[Data in this exercise Boundary: Start]
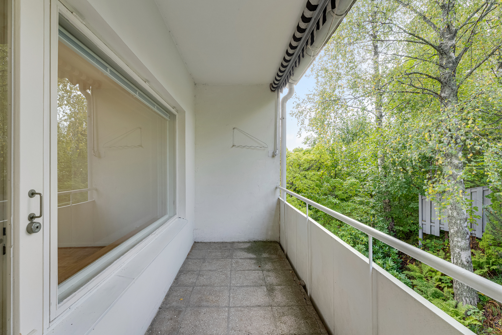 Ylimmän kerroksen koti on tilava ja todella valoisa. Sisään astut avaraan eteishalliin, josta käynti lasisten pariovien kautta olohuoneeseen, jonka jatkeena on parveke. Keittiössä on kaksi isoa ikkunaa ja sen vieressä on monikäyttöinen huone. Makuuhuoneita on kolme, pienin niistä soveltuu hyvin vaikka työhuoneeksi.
[Data in this exercise Boundary: End]
[Data in this exercise Boundary: Start]
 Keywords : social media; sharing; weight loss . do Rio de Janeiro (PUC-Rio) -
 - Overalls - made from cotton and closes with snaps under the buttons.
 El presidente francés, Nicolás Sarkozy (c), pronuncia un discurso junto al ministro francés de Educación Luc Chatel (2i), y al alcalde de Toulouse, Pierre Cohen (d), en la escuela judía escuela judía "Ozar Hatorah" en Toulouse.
[Data in this exercise Boundary: End]
[Data in this exercise Boundary: Start]
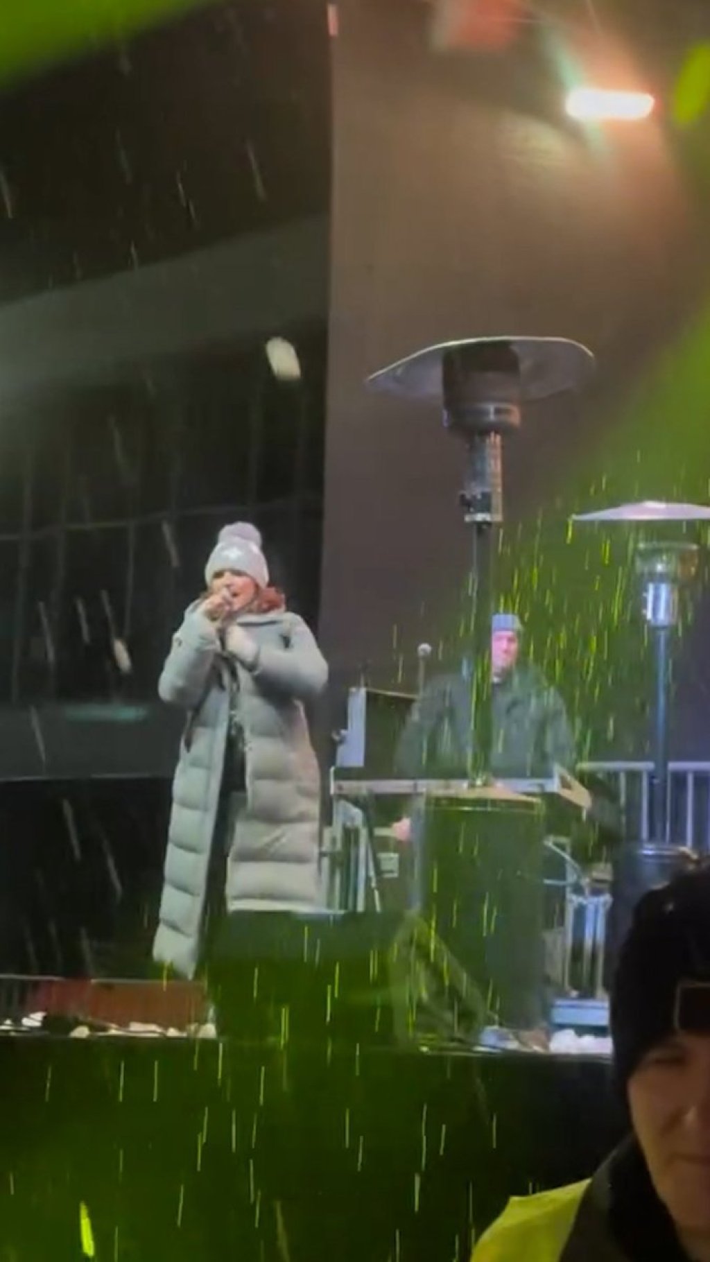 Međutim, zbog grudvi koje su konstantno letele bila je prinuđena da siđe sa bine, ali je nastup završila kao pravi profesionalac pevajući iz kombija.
[Data in this exercise Boundary: End]
Exercise prompt
Please reproduce, exactly as they appear above, the lines from the line containing "Keywords : social" up to and including the line containing "- Overalls - made".

Written reply
 Keywords : social media; sharing; weight loss . do Rio de Janeiro (PUC-Rio) -
 - Overalls - made from cotton and closes with snaps under the buttons.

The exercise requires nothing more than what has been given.